[Start of Attachment]

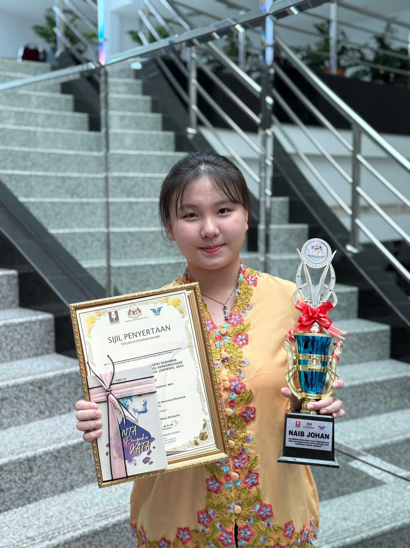 2025年6月6日(星期五),来自美里廉律中学高二尊重班的赖宇芊,在吉隆坡 Menara Ken, Taman Tun Dr. Ismail 举行的 Voices In Bloom International Singing Competition 2025(韵徉之声)总决赛中,凭借卓越的舞台表现和深情的演绎,勇夺 B4组(流行 / 爵士歌曲类)金奖文凭及冠军殊荣,为学校和家乡争光。
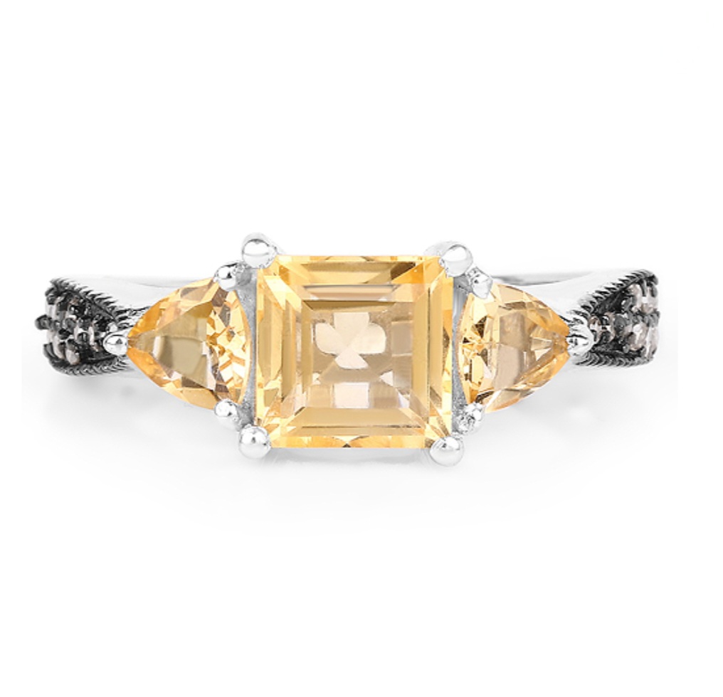 Embark on a journey of opulence with the Citrine & Champagne Diamond Three Stone Ring in Rhodium over Sterling Silver 2.67ctw. Witness the magnificence of the captivating citrine, believed to possess exhilarating energy and invigorating warmth. The luxurious trio of stones, complemented by dazzling champagne diamonds, evokes a sense of refined beauty and grandeur. Expertly crafted with impeccable artistry, the rhodium over sterling silver band accentuates the brilliance of the gemstones, elevating this ring to an exquisite work of art. Ignite your passion for luxury with this remarkable statement piece that effortlessly epitomizes grace and prestige.
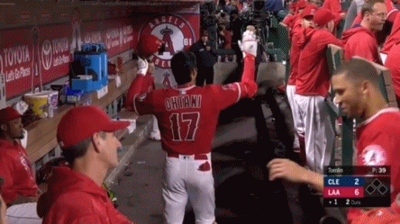 ベンチでは、メジャー1号の際に同僚たちがあえてダグアウトに戻ってきた選手を”無視”するサイレントセレブレーションの後、もみくちゃにされる手荒い祝福を受け、スタンドはスタンディングオベーションで大谷を称えた。大谷は大歓声にヘルメットを脱いで応えた。
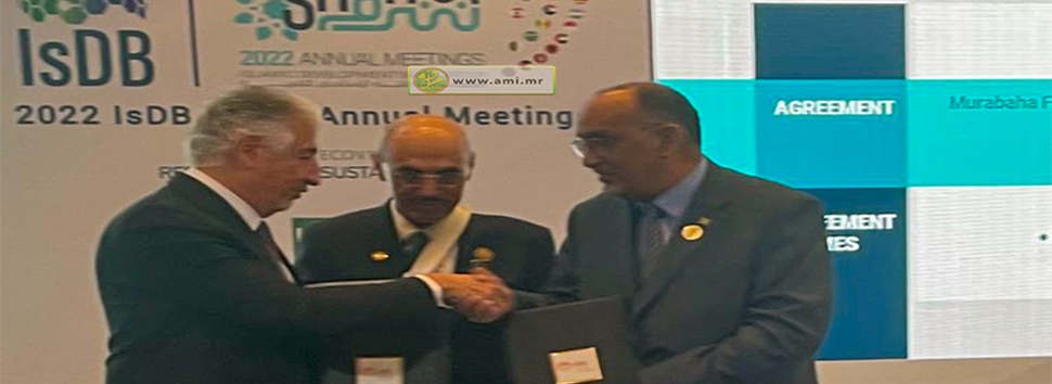 En marge des assemblées annuelles du groupe de la Banque islamique de développement, qui se tiennent actuellement à Charm el-Cheikh, en Égypte, le ministre des Finances, M. Isselmou Ould Mohamed Mbady, a signé avec M. Hani Salem Sonbol, Directeur général de la Société internationale islamique de financement du commerce (ITFC), le financement d’une ligne de crédit de 50 millions de dollars américains au profit de la société Mauritanienne d’Électricité (SOMELEC). Il s'agit d'une opération financière sous la forme d'une mourabaha qui permettra à la SOMELEC d'importer des carburants.
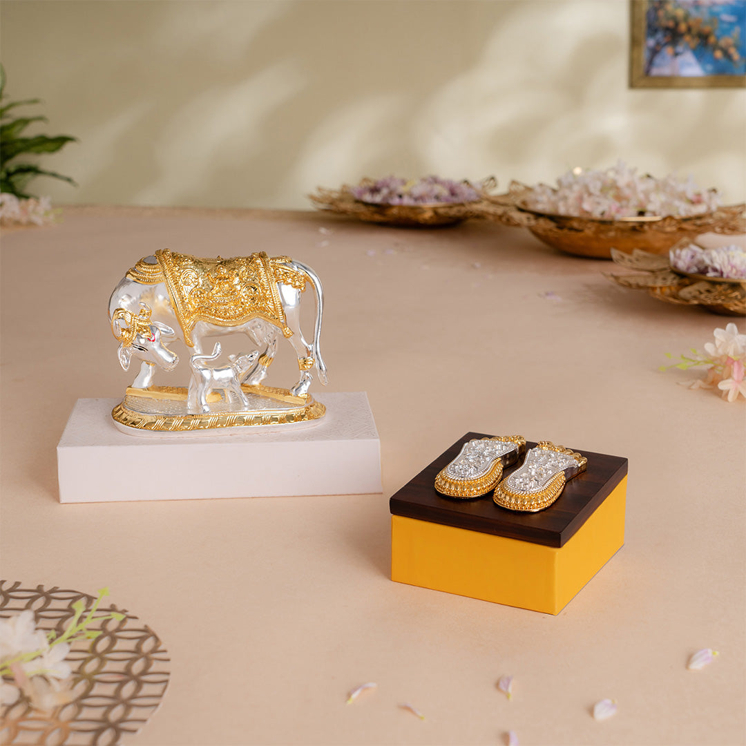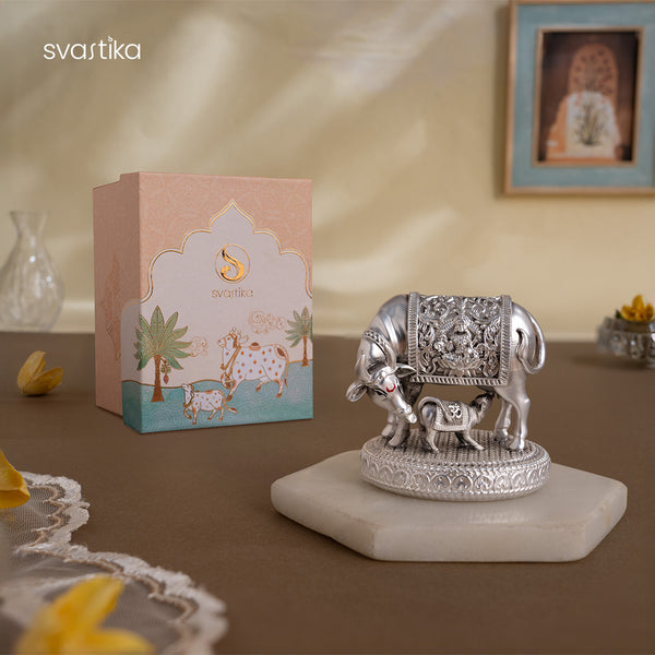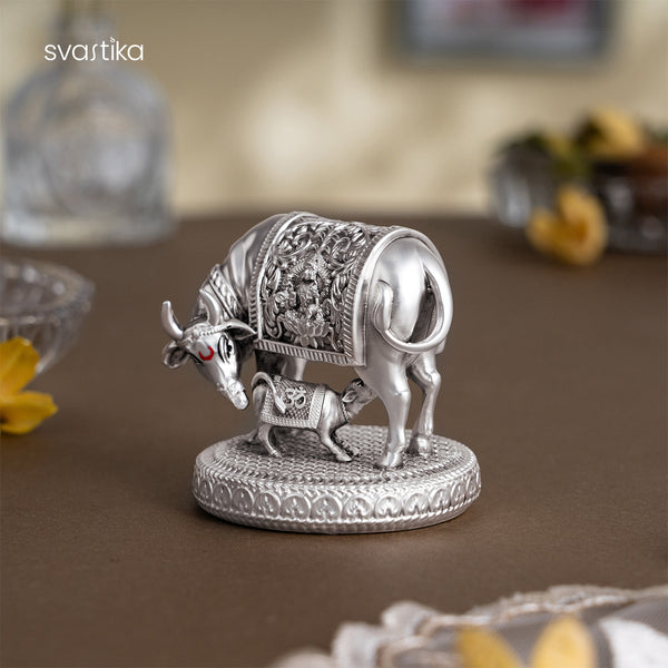 Enhance the spiritual ambiance of your home with this divinely crafted kamdhenu cow with calf idol, symbolizing abundance, purity, and motherly grace. Considered the wish-fulfilling cow in Hindu mythology, this kamadhenu idol in silver is a powerful spiritual element to invoke blessings of prosperity and harmony.
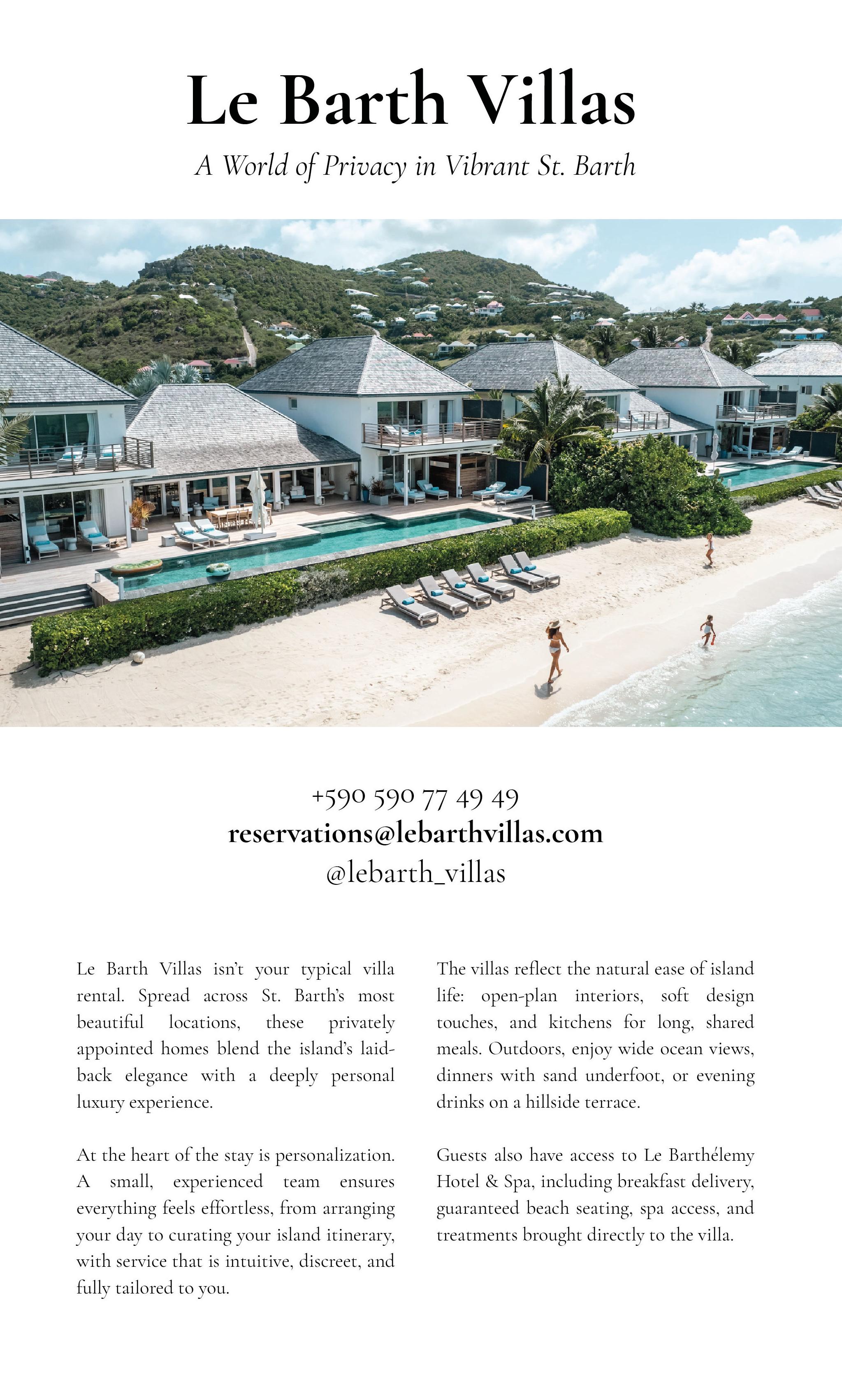 St. Barths never stands still. Each season brings fresh perspectives, new energy, and a creative spark that continues to redefine the art of island living.
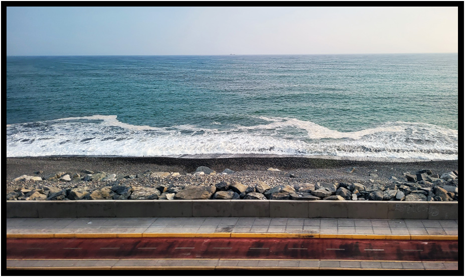 Walkway along the beach at one of the narrow spaces between hiway and beach, Miraflores District, Costa Verde, Lima, Peru, 2024.

[End of Attachment]

▶ **Problem to solve**:
Beginning with the line that has "St. Barths never", repeat each remaining line of the data above word for word, keeping pictures out.

▶ **Expected output**:
 St. Barths never stands still. Each season brings fresh perspectives, new energy, and a creative spark that continues to redefine the art of island living.
 Walkway along the beach at one of the narrow spaces between hiway and beach, Miraflores District, Costa Verde, Lima, Peru, 2024.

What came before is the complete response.